Sidang kasus dugaan korupsi di Kabupaten Langkat dimulai. Terdakwa pertama yang diadili adalah penyuap Bupati nonaktif Kabupaten Langkat yaitu Direktur CV Nizhami, Muara Perangin-Angin. Di Pengadilan Tindak Pidana Korupsi (Tipikor) Jakarta, Rabu (6/4/2022) jaksa penuntut umum Komisi Pemberantasan Korupsi (KPK) membacakan dakwaanya. Dalam surat dakwaan jaksa terungkap beberapa fakta, permintaan commitment fee dari Terbit pada beberapa perusahaan terkait tender proyek Dinas Pekerjaan Umum dan Perumahan Rakyat (PUPR), serta keterlibatan kakaknya, Iskandar Perangin-Angin sebagai pengatur proyek.
Suap Rp 572 juta
Jaksa mendakwa Muara telah memberi suap pada Terbit melalui perantara Iskandar senilai Rp 572.000.000. Suap itu merupakan bentuk komitmen Muara yang sepakat memberikan fee sebesar 16,5 persen dari anggaran proyek. Namun dalam prosesnya, Muara meminta korting pemberian fee menjadi 15,5 persen dan disepakati oleh Iskandar.

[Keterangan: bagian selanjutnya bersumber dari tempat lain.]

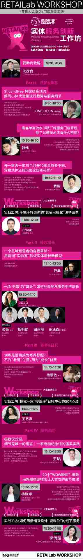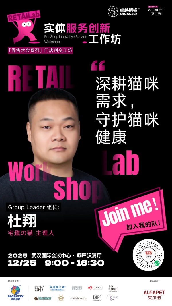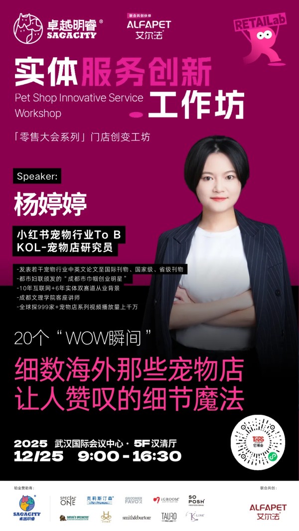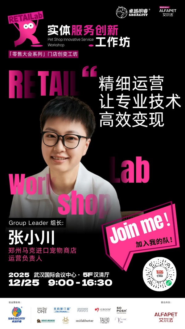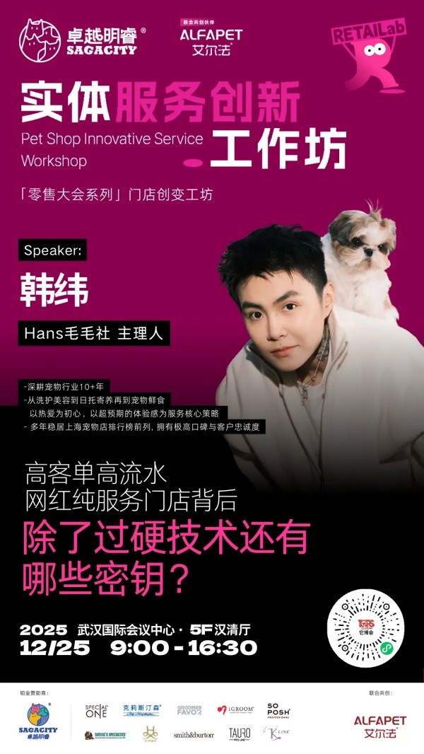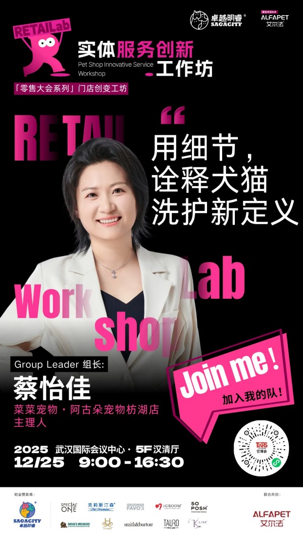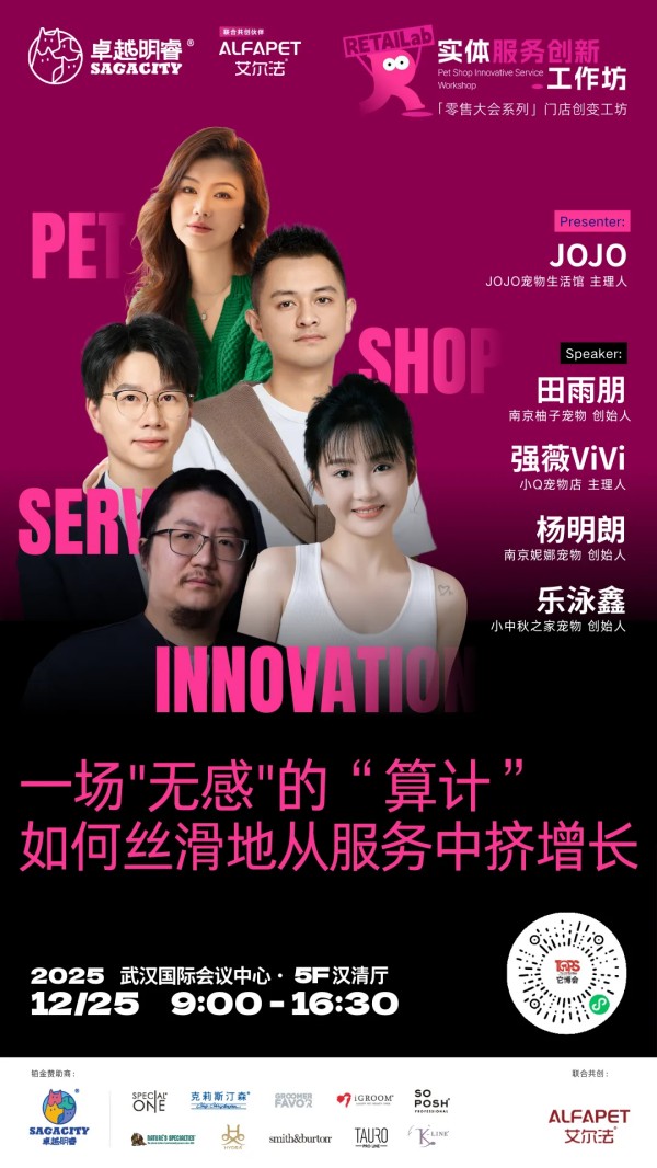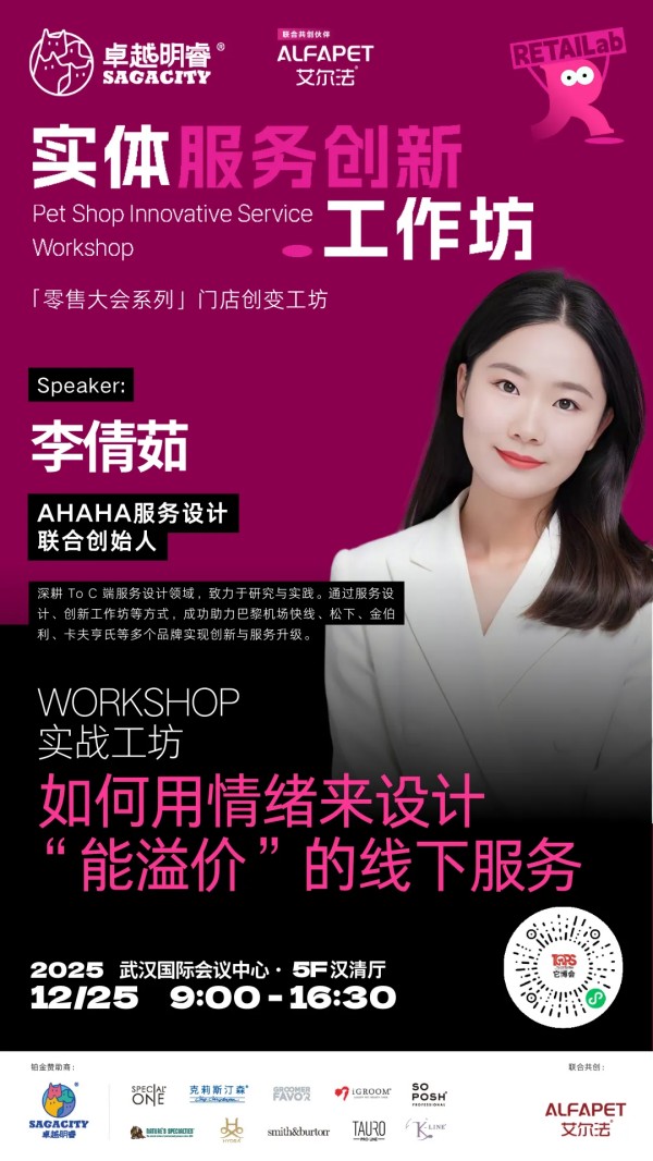 为此,2025中国宠业零售大会,特别带来由卓越明睿冠名,艾尔法联合呈现实体服务创新工作坊。我们将摈弃空谈,聚焦实战,这里有全国线下宠物服务方面一线经营的佼佼者毫无保留的分享,更首次系统性地引入"实战工作坊",让带来的每一个困惑,在现场找到答案。

Adapun dua perusahaan milik Muara, CV Sasaki dan CV Nishaki menjadi pemenang tender yang diatur oleh Iskandar dan tiga kontraktor yang dipilih Terbit untuk mengatur pembagian proyek. Ketiga kontraktor itu adalah Marcos Surya, Shuhanda Citra dan Isfi Syahfitra. Perusahaan milik Muara menggarap beberapa proyek pengadaan di Dinas PUPR serta Dinas Pendidikan Kabupaten Langkat.
Nama khusus perusahaan pemenang tender
Iskandar, Marcos, Shuhanda dan Isfi menyebut kumpulan perusahaan pemenang tender yang dipilih dengan kode Grup Kuala. Untuk menjadi bagian dari grup itu perusahaan-perusahaan harus memberi commitment fee pada Terbit sebesar 16,5 persen dari nilai anggaran. Berbagai perusahaan itu juga diwajibkan memberi fee sebesar 0,5 persen untuk Kepala Dinas dan 1 persen untuk Pejabat Pembuat Komitmen (PPK) Dinas PUPR Kabupaten Langkat. Jaksa menuturkan, jika kesepakatan pemberian commitment fee tak dipenuhi, Terbit akan marah dan tak lagi memberikan paket proyek pada perusahaan tersebut.
Peran dan julukan Iskandar
Iskandar berperan sebagai kepanjangan tangan Terbit. Jaksa menjelaskan, ia sering menemui orang-orang yang hendak bertemu dengan Terbit dan membicarakan pembagian proyek. Iskandar punya beberapa julukan yang disematkan kepadanya dalam berbagai perbincangan tentang penunjukan perusahaan pemenang tender proyek. Pertama, Iskandar disebut “wakil istana”. Julukan itu disampaikan Marcos dan Shuhanda ketika memberikan daftar proyek yang ditentukan oleh Iskandar pada Kasubbag Unit Kerja Pengadaan Barang dan Jasa (UKPBJ) Setda Langkat Yoki Eka dan Kabag UKPBJ Suhardi.
Kedua, istilah “pak kades”. Jaksa mengatakan istilah itu ditemukan dalam perbincangan antara Marcos dan Shuhanda dengan Pelaksana Tugas (Plt) Kadis PUPR Kabupaten Langkat Sujarno. “Dalam pertemuan itu keduanya memperkenalkan diri sebagai utusan dan orang kepercayaan Terbit dan ‘pak kades’ yaitu Iskandar,” ucap jaksa. Terakhir, istilah untuk Iskandar adalah “bos”. Ungkapan itu nampak ketika Muara mengajukan permintaan korting pemberian commitment fee pada Marcos dan Isfi. “Marcos mengatakan akan melaporkan lebih dulu kepada Iskandar Perangin-Angin dengan mengatakan,’Sebentar lapor bos dulu,’” imbuh jaksa.